Normalmente,
las civilizaciones son sistemas de organización humana muy inestables. Por lo
general, tienden a morir con relativa facilidad. La creencia moderna del
perpetuo avance de la civilización es una falsedad que carece de toda prueba
histórica. Este mito se desarrolló después de la revolución industrial como una
herramienta para el autoengaño y para justificar nuestros destructivos delirios
de grandeza.
El escritor inglés
Edward Gibbon en su muy debatido libro “El
decline y la caída del Imperio Romano “ expuso
una tesis muy interesante sobre la caída
del Imperio Romano. En resumen, él dijo que el declive moral del ciudadano romano promedio fue la causa
principal de la caída del Imperio.
Es
paradójico, que la civilización misma crea las condiciones para su propia destrucción. Paulatinamente, los avances sociales, técnicos
y materiales debilitaron moralmente a los
miembros del sistema. El
ciudadano romano perdió gradualmente ese
civismo que lo categorizo inicialmente.
El colapso del Imperio se debió al descuido de los mismos romanos. Una
vez que el ciudadano romano como individuo comenzó a extraer más del sistema de
lo que este aportaba al mismo era
cuestión de tiempo para que el conjunto se desquebrajara. Debido al consumo
exagerado y la poca producción real, el Imperio se volvió una estructura
inviable que se cayó por su propio peso.
En contra de todo propositico de las masas, aunque inconcebible para la
época, el antiguo Imperio Romano, después de siglos de existencia, se derrumbó
debido a sus propias fallas internas.
A lo largo
de la historia, muchas civilizaciones
también han desaparecido. Por ejemplo, los
mayas de Mesoamérica, las antiguos habitantes de la isla de Pascua, los Anasazi
de la Norteamérica precolombina, y la Groenlandia noruega, entre muchas otras,
representan civilizaciones que han nacido, crecido, florecido y luego colapsado
como resultado de su propia estupidez. En realidad, aunque parezca sorprendente
este es un fenómeno muy frecuencia. Son muchas las civilizaciones que
han colapsado a través de la historia debido a razones similares. Parece ser
más la norma que la excepción.
El sistema actual no es otra cosa que un gigantesco tren desenfrenado aproximándose
al abismo. Las señales de alerta del
desastre están en todos lados. El planeta mismo está enfermando con síntomas
muy palpables debido a nuestro descuido.
En la antigua Roma, surgieron innumerables movimientos
filosóficos y religiosos que cuestionaron la vigencia de los valores dominantes
que imponía Roma, entre ellos, por ejemplo, el cristianismo primitivo. Estos
grupos proponían una reforma.
Lamentablemente, no fueron escuchados. Muchos de ellos escogieron el exilo.

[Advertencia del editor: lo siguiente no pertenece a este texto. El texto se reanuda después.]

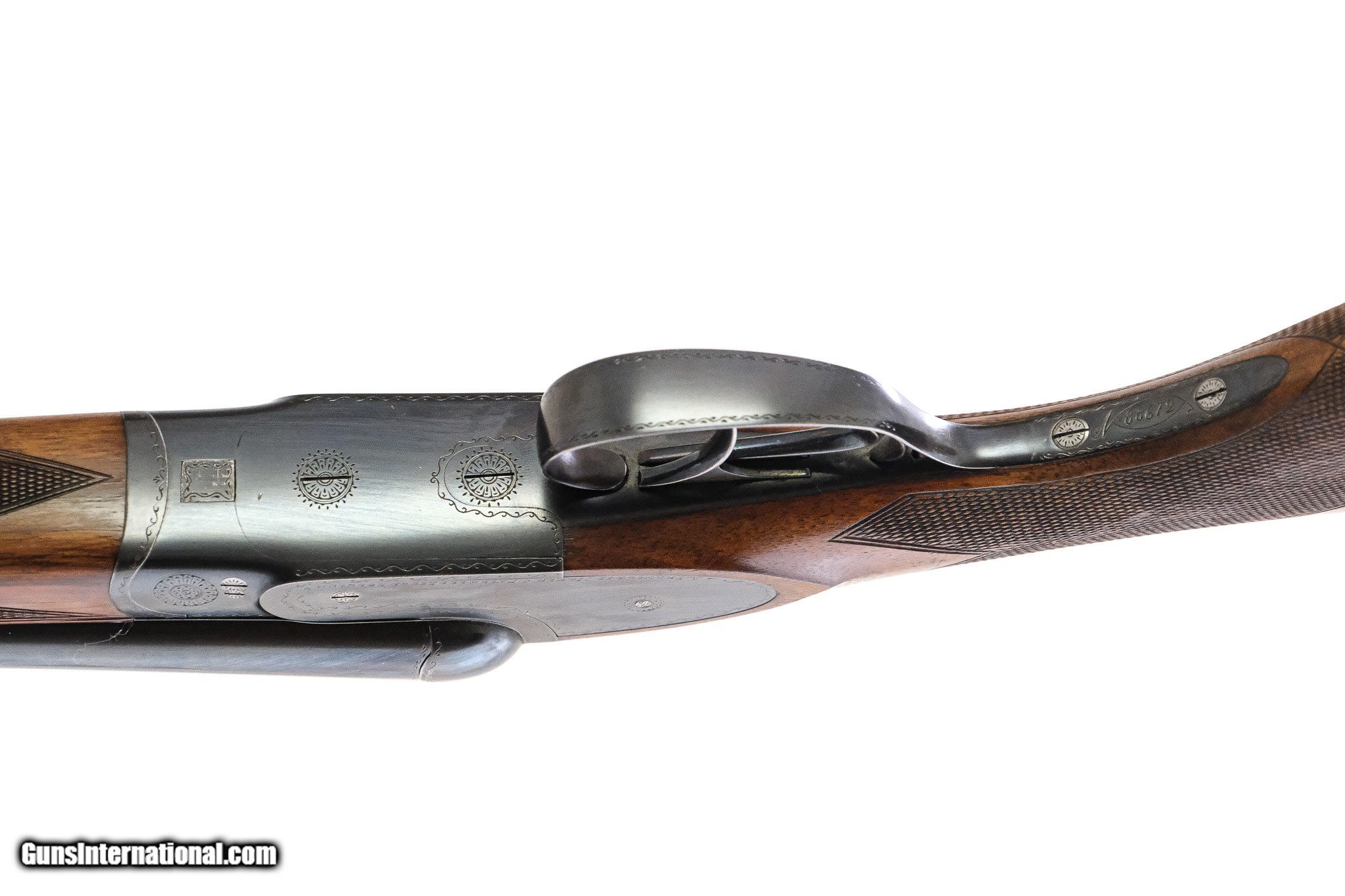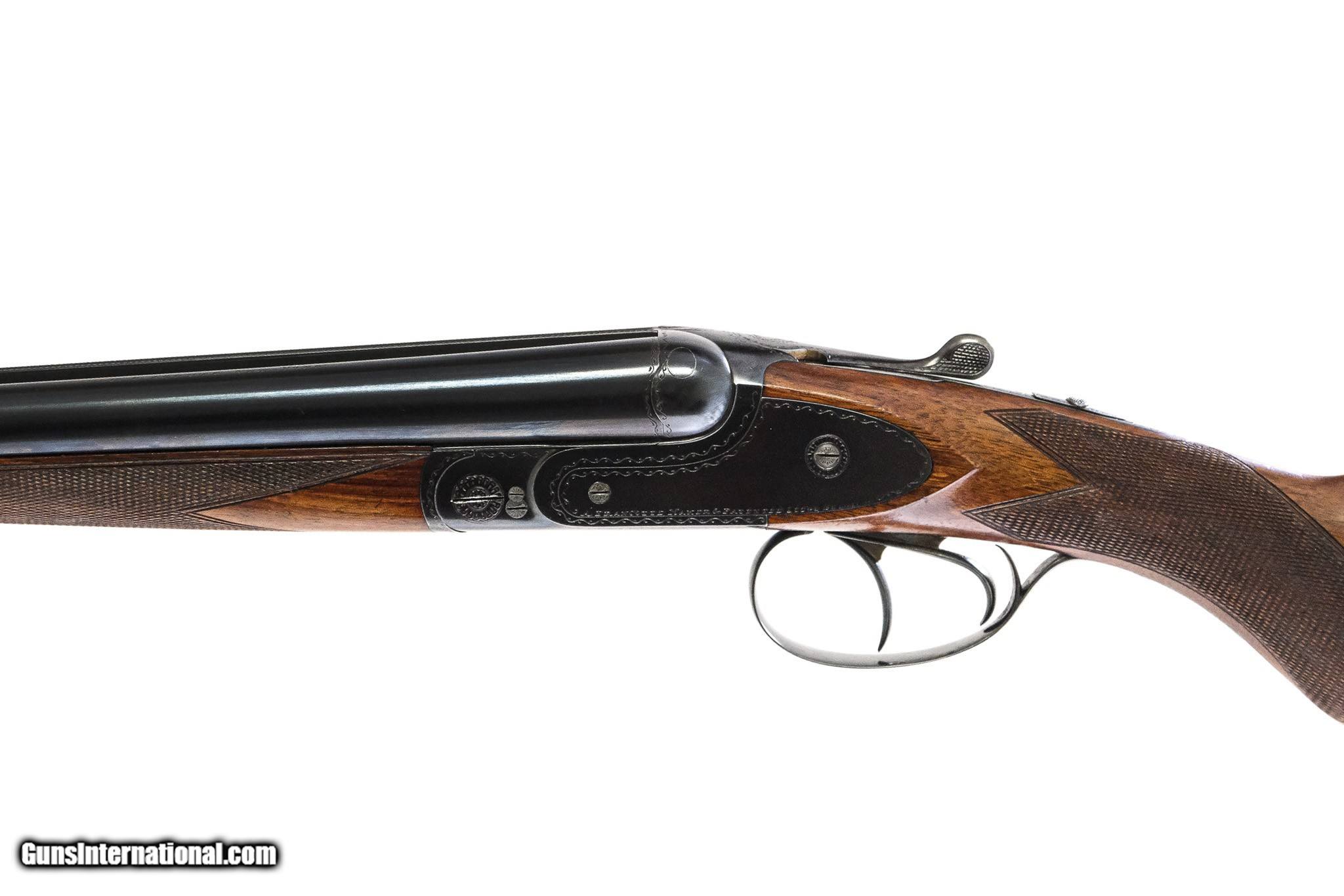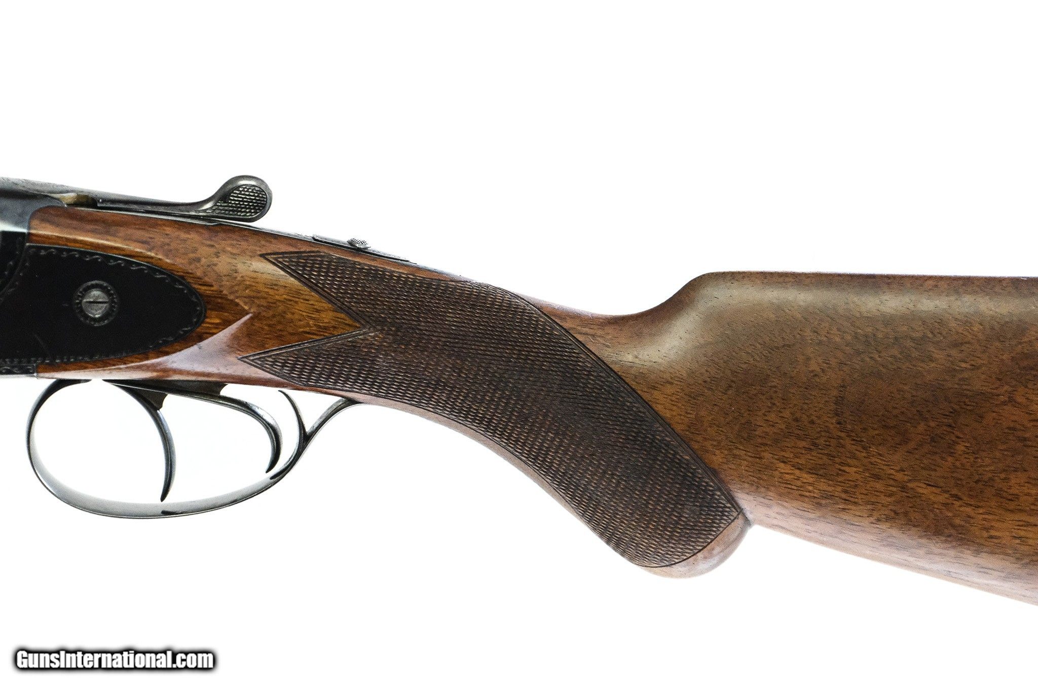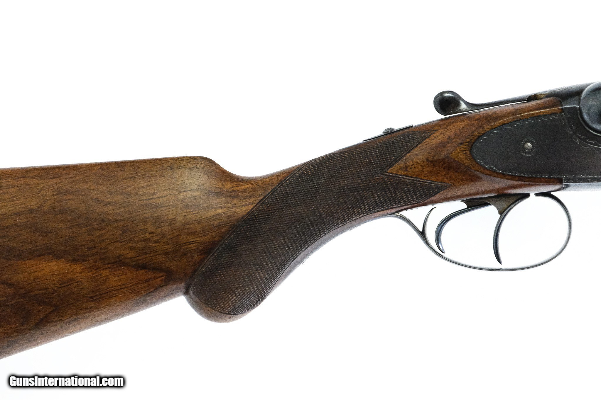 Description: A. Francotte - Jubilee, SxS, 20ga. 26" Barrels Choked IC/M (.006”/.015”). Round knob stock, factory serrated butt plate, double triggers, automatic ejectors, side clips, splinter forend, game gold oval, imported by Abercrombie and Fitch in 1940, sideplated gun with boarder engraving over a blued finish, gun remains in very good overall condition, 5lb., 4oz makes this the perfect field gun, available for immediate delivery. Inv: 76294 5 lbs. 4 oz. 14 ½” x 1 ½” x 2 ¼” $4,750.00 SOLD |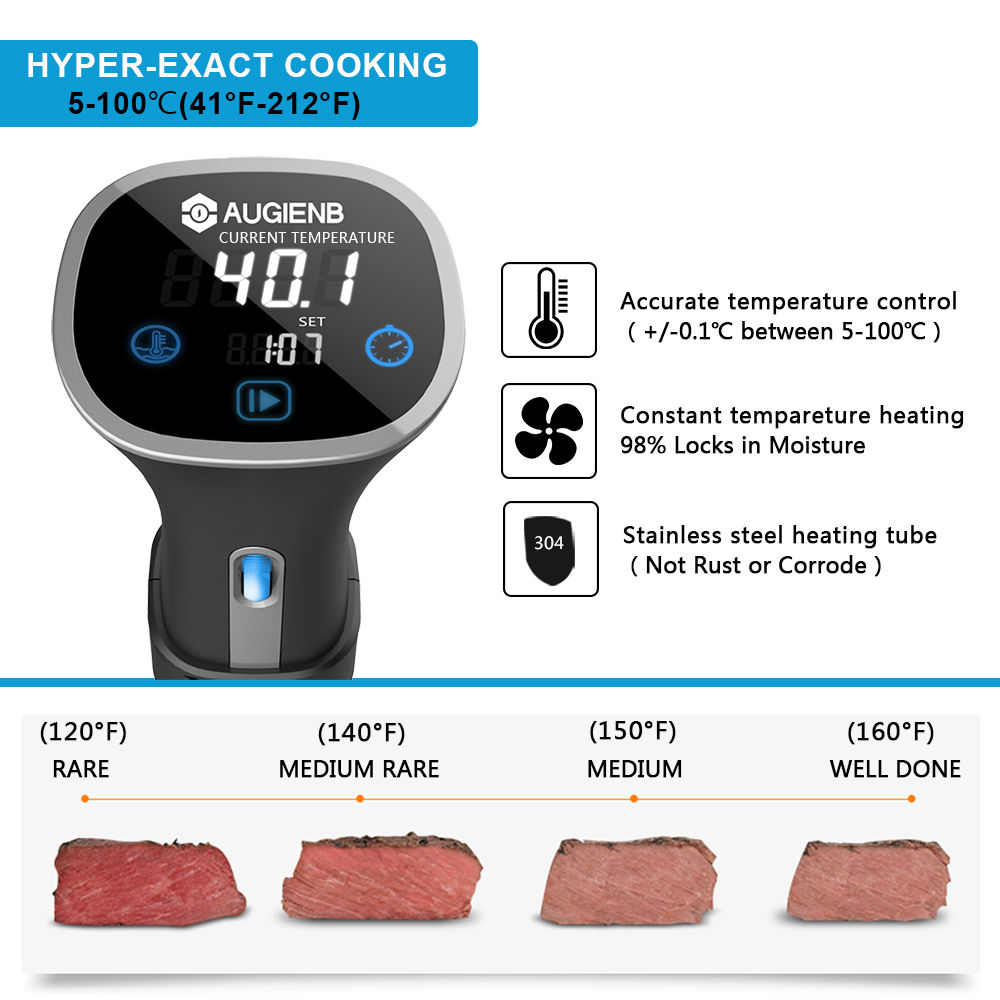 ✔Tools for a New Lifestyle — AUGIENB Sous Vide Cooker brings professional restaurant cooking technology to home, which cooked any type of meat—beef, pork, lamb, or poultry, especially well with fish and seafood, any vegetable, eggs, many fruits and desserts. Remains food’s nutrient, keeps vitamins levels of food at 90% after cooking.

Escapaban al desierto o a las montañas asqueados de la corrupción de un Imperio
en decadencia y cercano a una caída inminente. La mayoría se negó a ver la
hecatombe que se avecinaba.
A pesar de
que seguimos fielmente los mismos patrones de una civilización en rumbo a la
debacle, debemos confiar en la nobleza y la inteligencia de la gente. Aún
podemos corregir los errores cometidos. Es cuestión de que la humanidad tome
conciencia de su propia condición ignominiosa.
La verdadera civilización coloca al ser humano en el centro
y lo empodera para que desarrolle sus
facultades. Por lo contrario, la civilización actual carece de una orientación
adecuada y todo anuncia un colapso en el futuro. No hay que ser un genio para saber que muchas cosas no marchan
bien. Por todo el planeta se
puede percibir esta incomoda verdad que
la mayoría de las veces la negamos y la escondemos como si se tratase de una penosa enfermedad. Todavía el miedo, la
pereza, el orgullo, y la ignorancia nos empañan los ojos. El sistema actual
debe ser transformado urgentemente. Esto es obvio. Hay que
comenzar de nuevo y retomar el camino de la sensatez.